Flogging “Learning from Bryant Park: on BYU Radio:
I will be on Top of Mind with Julie Rose at 4 PM Eastern talking about “Learning from Bryant Park.” The link is below. Also on Sirius Radio Channel 143.
It’s the official publication date for “Learning from Bryant Park.” I couldn’t ask for a better way to kick things off than with a review from Rich Rein, who blogs as “William H. Whyte,” and who is in the process of writing a biography of Holly.

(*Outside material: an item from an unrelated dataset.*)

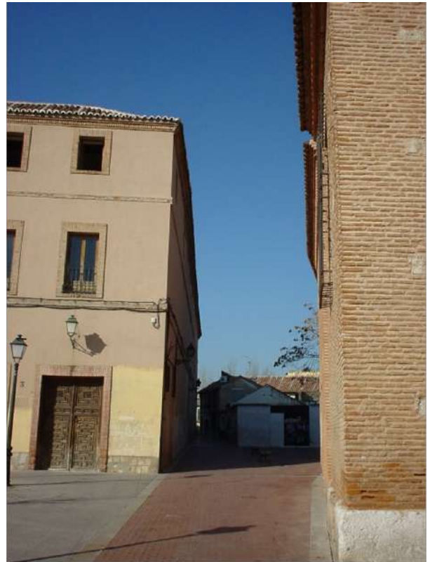
Ilustración 1. Callejón de la Victoria. enero 2005.

El Concejo dentro de su política de embellecer la Villa y casi siempre con el pretexto de ser lugares pecaminosos y depósitos de basuras, mandó pregonar 774 :

At some point in the not-too-distant future, we will emerge from our urban cave-dwelling into the sunlight and re-populate our parks, plazas, streets and commercial corridors — likely with a renewed appreciation for their value. I recently took our puppy for a walk in Riverside Park, sat down on a bench and watched the river. An acquaintance from a community group stopped to chat. I don’t know him well and hadn’t spoken to him in years. But our spontaneous social contact made my day, since I had been otherwise isolated in my Upper West Side apartment. I simply enjoyed the conversation.
When the coronavirus shutdown ends, New Yorkers will have spent more time out-of-doors near their homes as a result of being asked to self-isolate and work from home and are likely to have a renewed feeling for their local public places as a result of finding a welcome change (and perhaps even some safe social engagement) there.
With that re-energized valuing of the public realm, the public and private sectors should be taking advantage of the resulting support to properly manage, program and maintain those spaces going forward.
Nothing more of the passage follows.